Verbatim output, no pictures: the lines from the beginning of the material through the line with "商品名称:米家 MIJIA 米家万能遥控器 支持与小爱同学互联语音控制", both ends kept.

DATA PROVIDED:
* * * *
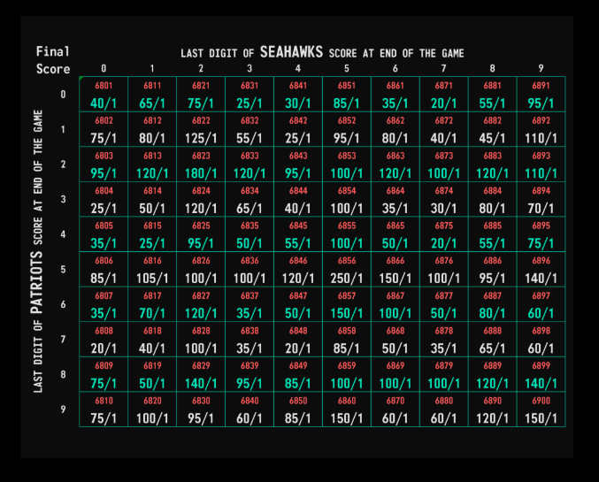 Using the example above of NFC 7, AFC 3 for the first quarter, that opened at +850 for Super Bowl LX in the first quarter. Last year’s Super Bowl was NFC 7, AFC 0 after the first quarter, which opened at +450 for this one between the Patriots and Seahawks. Much like traditional squares, it is based on the last digit of a team’s score.
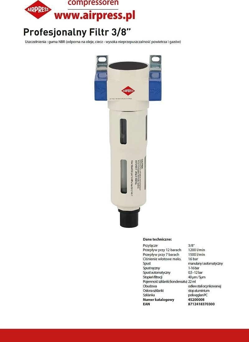 przyłącze 3/8"przepływ przy 12 barach - 1200l/minprzepływ przy 7 barach - 1500l/minciśnienie wlotowe max: 16 barspust : manulany i automatycznyspust ręczny : 1-16 barspust automatyczny 0,5-12 barstopień iltracji 40µm / 5µmpojemność szklanki (kondensatu) 22mlobudowa: odlew stali ocynkowanejosłona szklanki: stop aluminiumszklanka : poliwęglan PCuszczelnienia : guma NBR (odporna na oleje, ciecz - wysoka nieprzepuszczalność powietrza i gazów)
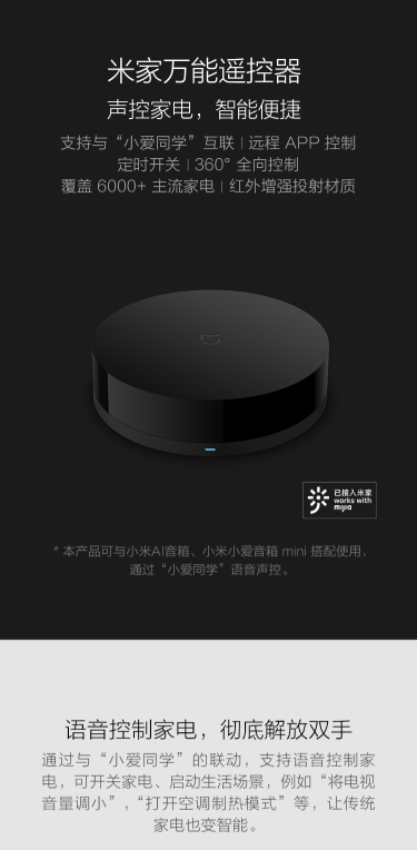 商品名称:米家 MIJIA 米家万能遥控器 支持与小爱同学互联语音控制
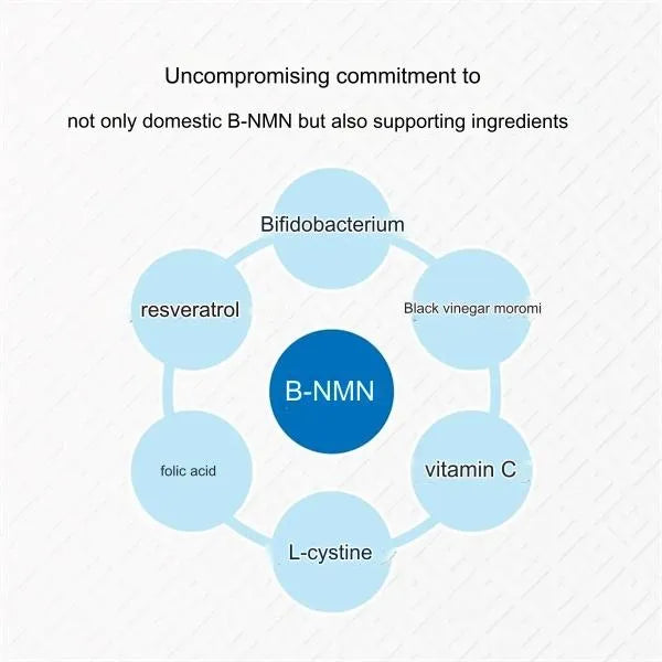 The complex contains ingredients that are lost during aging: 18,000 mg of NMN with the highest purity of 99.9% manufactured according to strict standards, 11 types of vitamins, bird's nest extract, black moromi vinegar, pineapple ceramides, bifidobacteria, calcium, and 3 amino acids.
* * * *
TASK OUTPUT:
 Using the example above of NFC 7, AFC 3 for the first quarter, that opened at +850 for Super Bowl LX in the first quarter. Last year’s Super Bowl was NFC 7, AFC 0 after the first quarter, which opened at +450 for this one between the Patriots and Seahawks. Much like traditional squares, it is based on the last digit of a team’s score.
 przyłącze 3/8"przepływ przy 12 barach - 1200l/minprzepływ przy 7 barach - 1500l/minciśnienie wlotowe max: 16 barspust : manulany i automatycznyspust ręczny : 1-16 barspust automatyczny 0,5-12 barstopień iltracji 40µm / 5µmpojemność szklanki (kondensatu) 22mlobudowa: odlew stali ocynkowanejosłona szklanki: stop aluminiumszklanka : poliwęglan PCuszczelnienia : guma NBR (odporna na oleje, ciecz - wysoka nieprzepuszczalność powietrza i gazów)
 商品名称:米家 MIJIA 米家万能遥控器 支持与小爱同学互联语音控制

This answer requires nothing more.